In some embodiments, administration of a GRM or SGRM is not continuous and can be stopped for one or more periods of time, followed by one or more periods of time where administration resumes. Suitable periods where administration stops include 5 to 9 weeks, 5 to 16 weeks, 9 to 16 weeks, 16 to 24 weeks, 16 to 32 weeks, 24 to 32 weeks, 24 to 48 weeks, 32 to 48 weeks, 32 to 52 weeks, 48 to 52 weeks, 48 to 64 weeks, 52 to 64 weeks, 52 to 72 weeks, 64 to 72 weeks, 64 to 80 weeks, 72 to 80 weeks, 72 to 88 weeks, 80 to 88 weeks, 80 to 96 weeks, 88 to 96 weeks, and 96 to 100 weeks. Suitable periods where administration stops also include 5, 6, 7, 8, 9, 10, 11, 12, 13, 14, 15, 16, 17, 18, 19, 20, 24, 25, 30, 32, 35, 40, 45, 48 50, 52, 55, 60, 64, 65, 68, 70, 72, 75, 80, 85, 88 90, 95, 96, and 100 weeks.
The dosage regimen also takes into consideration pharmacokinetics parameters well known in the art, i.e., the rate of absorption, bioavailability, metabolism, clearance, and the like (see, e.g., Hidalgo-Aragones (1996) J. Steroid Biochem. Mol. Biol. 58:611-617; Groning (1996) Pharmazie 51:337-341; Fotherby (1996) Contraception 54:59-69; Johnson (1995) J. Pharm. Sci. 84:1144-1146; Rohatagi (1995) Pharmazie 50:610-613; Brophy (1983) Eur. J. Clin. Pharmacol. 24:103-108; the latest Remington's, supra). The state of the art allows the clinician to determine the dosage regimen for each individual patient, GR modulator and disease or condition treated.
In some embodiments, co-administration includes administering one active agent, a GRM or SGRM, within 0.5, 1, 2, 4, 6, 8, 10, 12, 16, 20, or 24 hours of a second active agent, such as an androgen receptor antagonist (e.g., enzalutamide). Co-administration includes administering two active agents simultaneously, approximately simultaneously (e.g., within about 1, 5, 10, 15, 20, or 30 minutes of each other), or sequentially in any order. In some embodiments, co-administration can be accomplished by co-formulation, i.e., preparing a single pharmaceutical composition including both active agents. In other embodiments, the active agents can be formulated separately. In another embodiment, the active and/or adjunctive agents may be linked or conjugated to one another.

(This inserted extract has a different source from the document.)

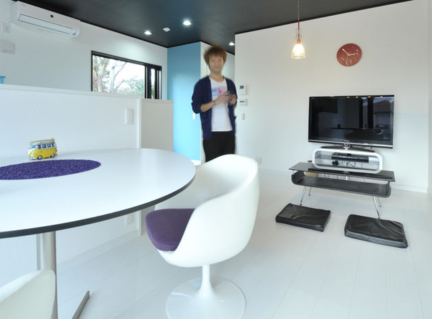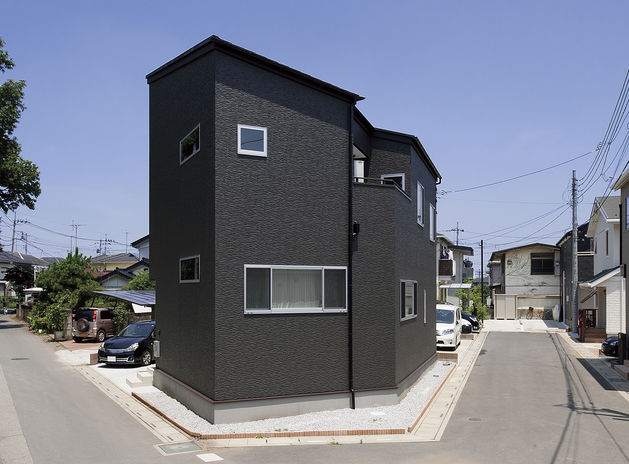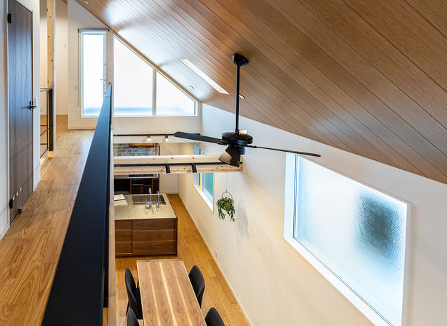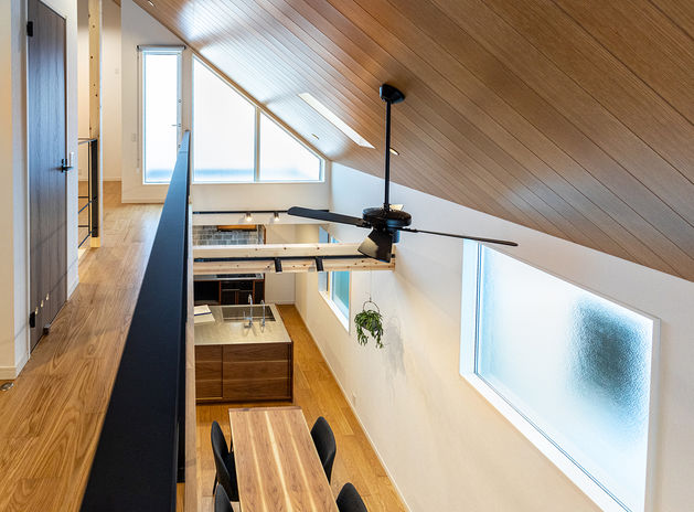 敷地条件にとらわれず、自由な発想でプランニングできるのがイオスホームの強みのひとつ。写真の実例では五角形に近い変形地に、敷地を有効活用した「くの字」のような形状の2階建てを設計した。道路に囲まれた立地のため、外部からの視線が室内に届かないよう、窓の位置を高めに。十分な光を取り入れながらも、周囲を気にせずのびのびと暮らせる住まいとなった。

After a pharmaceutical composition including a GRM or SGRM has been formulated in an acceptable carrier, it can be placed in an appropriate container and labeled for treatment of an indicated condition. For administration of a GRM or SGRM, such labeling would include, e.g., instructions concerning the amount, frequency and method of administration.

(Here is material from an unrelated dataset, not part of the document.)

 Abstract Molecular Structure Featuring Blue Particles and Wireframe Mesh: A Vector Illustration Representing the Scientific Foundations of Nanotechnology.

Various combinations with a GRM or SGRM and an androgen receptor antagonist may be employed to reduce the tumor load in the prostate cancer patient. By “combination therapy” or “in combination with”, it is not intended to imply that the therapeutic agents must be administered at the same time and/or formulated for delivery together, although these methods of delivery are within the scope described herein. The GRM or SGRM and the androgen receptor antagonist can be administered following the same or different dosing regimen. In some embodiments, the GRM or SGRM and the androgen receptor antagonist is administered sequentially in any order during the entire or portions of the treatment period. In some embodiments, the GRM or SGRM and the anticancer agent is administered simultaneously or approximately simultaneously (e.g., within about 1, 5, 10, 15, 20, 30 minutes or 1 hour of each other). Non-limiting examples of combination therapies are as follows, with administration of the GRM or SGRM and the androgen receptor antagonist for example, GRM or SGRM is “A” and the androgen receptor antagonist is “B”:
Administration of the therapeutic compounds or agents to a patient will follow general protocols for the administration of such compounds, taking into account the toxicity, if any, of the therapy. Surgical intervention may also be applied in combination with the descirbed therapy.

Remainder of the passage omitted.